The suspects, Francois-Vivier Gagnon, Genevieve Vaillancourt, Vanessa L'Ecuyer and Roxanne Belisle, turned themselves in to authorities Friday.
They appeared in Montreal court via video conference on Saturday to face charges of hoax regarding terrorist activity, which means they were accused of inciting fear of terrorism _ not committing a terrorist act.
The charge carries a maximum sentence of five years in prison.
"The Crown must prove these were actions that would cause fear from the public... that terrorist activities were committed," Robert La Haye, a well-known Quebec criminal lawyer, said in an interview.
"It doesn't mean that they are being charged with committing terrorist activities."
They were also charged with conspiracy and mischief of over $5,000, while Gagnon was charged with possession of a prohibited weapon for a knife.

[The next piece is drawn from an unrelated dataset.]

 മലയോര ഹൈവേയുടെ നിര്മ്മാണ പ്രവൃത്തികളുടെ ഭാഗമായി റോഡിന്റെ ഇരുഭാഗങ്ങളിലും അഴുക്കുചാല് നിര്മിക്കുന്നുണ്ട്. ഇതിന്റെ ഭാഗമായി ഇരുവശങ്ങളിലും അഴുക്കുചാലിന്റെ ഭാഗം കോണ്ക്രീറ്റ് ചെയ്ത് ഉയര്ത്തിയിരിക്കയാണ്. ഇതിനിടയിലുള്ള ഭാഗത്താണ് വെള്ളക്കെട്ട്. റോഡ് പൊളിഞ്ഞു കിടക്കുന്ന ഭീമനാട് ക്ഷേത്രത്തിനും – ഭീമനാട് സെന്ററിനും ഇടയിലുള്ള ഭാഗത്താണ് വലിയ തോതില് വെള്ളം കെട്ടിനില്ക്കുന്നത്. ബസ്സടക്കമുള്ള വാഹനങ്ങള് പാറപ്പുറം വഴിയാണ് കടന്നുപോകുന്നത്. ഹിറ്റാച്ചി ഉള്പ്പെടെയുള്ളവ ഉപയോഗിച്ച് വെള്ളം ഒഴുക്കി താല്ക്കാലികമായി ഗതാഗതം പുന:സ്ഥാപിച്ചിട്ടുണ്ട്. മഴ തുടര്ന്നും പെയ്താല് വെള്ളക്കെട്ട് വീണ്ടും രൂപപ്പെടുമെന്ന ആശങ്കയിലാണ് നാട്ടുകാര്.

Smoke bombs were set off at several metro stops at the height of rush hour Thursday morning, forcing the entire subway system to shut down and causing a major headache for commuters.
A merchants' association and a conservative economic think-tank have estimated the incident cost Montreal several million dollars in lost productivity.

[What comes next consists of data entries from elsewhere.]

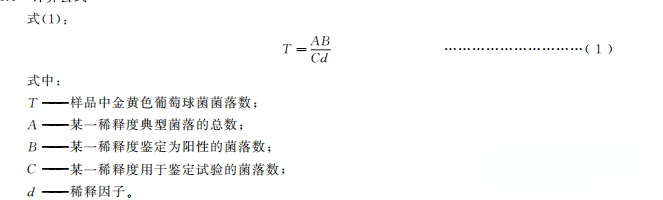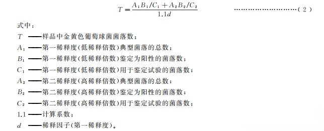根据上面的公式计算结果,报告每g(mL)样品中金黄色葡萄球菌数,以 CFU/g(mL)表示;如T 值为 0,则以小于1乘以最低稀释倍数报告。
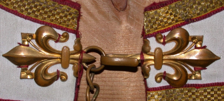 Marque tissée sur étiquette : MAISON E. EVELLIN / [losange horizontal, lettres E E séparées par une hermine] / RENNES / 7, Rue d´Antrain.
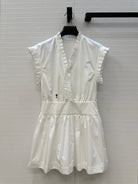 CD 25 Ruffle Sleeve Dress White Cotton

The suspects were detained for the weekend and are scheduled to appear in court again on Monday.
Meanwhile, a radical student group, which has been highly critical of the student federations leading the fight against the tuition-fee increases, called for a rally in front of the Montreal courthouse during their appearance.
"It is only through the continuity, expansion and intensification of the movement that we can aspire to a fairer society," the group, called Force etudiante critique, or Critical Students Forces, said in a post on its website.